Yellow bean
From Cookipedia
Sinaloa Azufrado, Sulphur, Mayocoba, and Peruano (also called Canary) are types of yellow beans.
Peruano beans (also called Canary beans) are small, oval, yellow coloured beans about 1/2 inch (1 cm) long with a thin skin. Peruano Beans have a creamy texture when cooked, and are one of the top-selling beans in Mexico City since 2005 (being native to Mexico, despite the name).

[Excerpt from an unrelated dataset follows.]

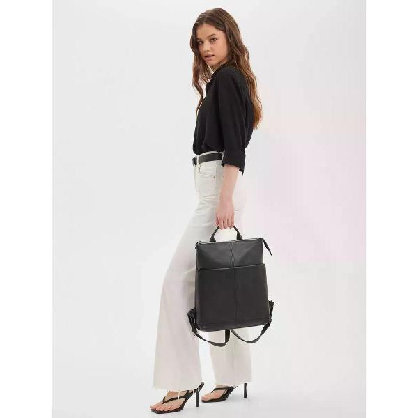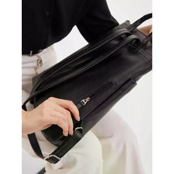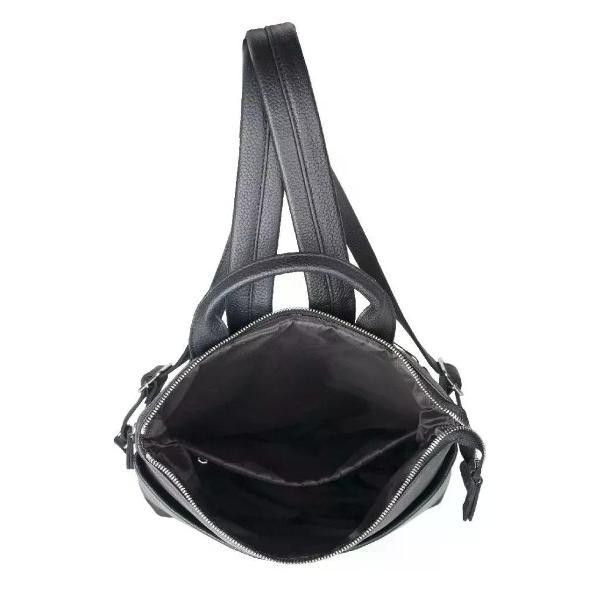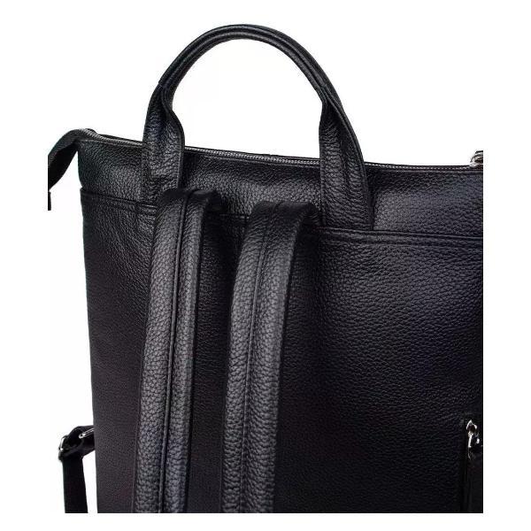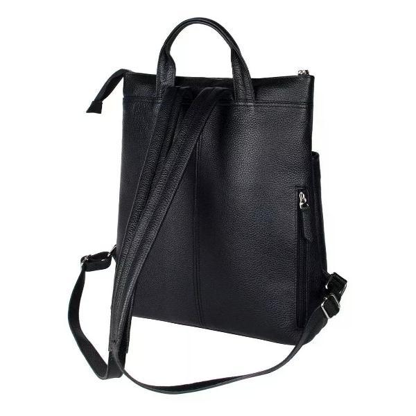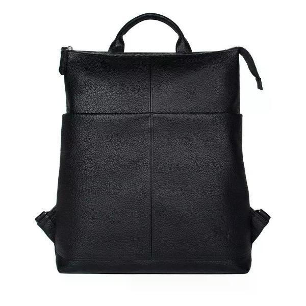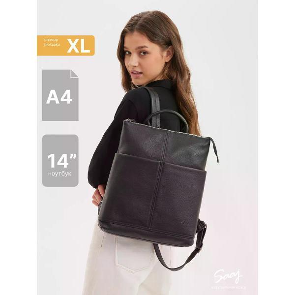 Городской рюкзак бренда SAAJ для ноутбука 14 дюймов из натуральной кожи черного цвета. Рюкзак закрывается на молнию. На передней стенке два открытых кармана. На задней стенке сбоку карман на молнии. Внутри два кармана: карман на молнии и открытый карман. В основное отделение входит ноутбук 14" и формат А4. Плечевые регулируемые ремни усилены. Также имеется короткая ручка. Максимальная длина плечевых ремней 83 см, минимальная длина 66 см. Максимальный вес содержимого рассчитан до 3,5 кг. Изделие упаковано в тканевый мешок.

How to cook yellow beans in a pressure cooker
Use this basic guide if you do not have a specific recipe
- Pick through the beans and discard any discoloured beans or loose skins
- Soak in cold water for a minimum of the time shown, soaking overnight is usually the best way to achieve this
- Change soaking water a few times if possible
- Never cook the beans in the water they were soaked in
- Rinse the beans well at the end of the soaking period
- Ensure the pressure cooker is at least a quarter full
- Never fill the pressure cooker more than half full
- Always cover the beans with at least 5 cm (2") water
- Add 2 tablespoons of vegetable oil to the water - this reduces foaming
- Allow the pressure cooker to get to the required pressure and then begin timing
- Use the specified pressure release method - this is the natural method in the case of dried beans or pulses
- A bean is usually perfectly cooked when it can be easily squashed between your forefinger and thumb
- If the beans are not sufficiently cooked, return to pressure, cook for another 3 minutes and allow the pressure to reduce using the natural method.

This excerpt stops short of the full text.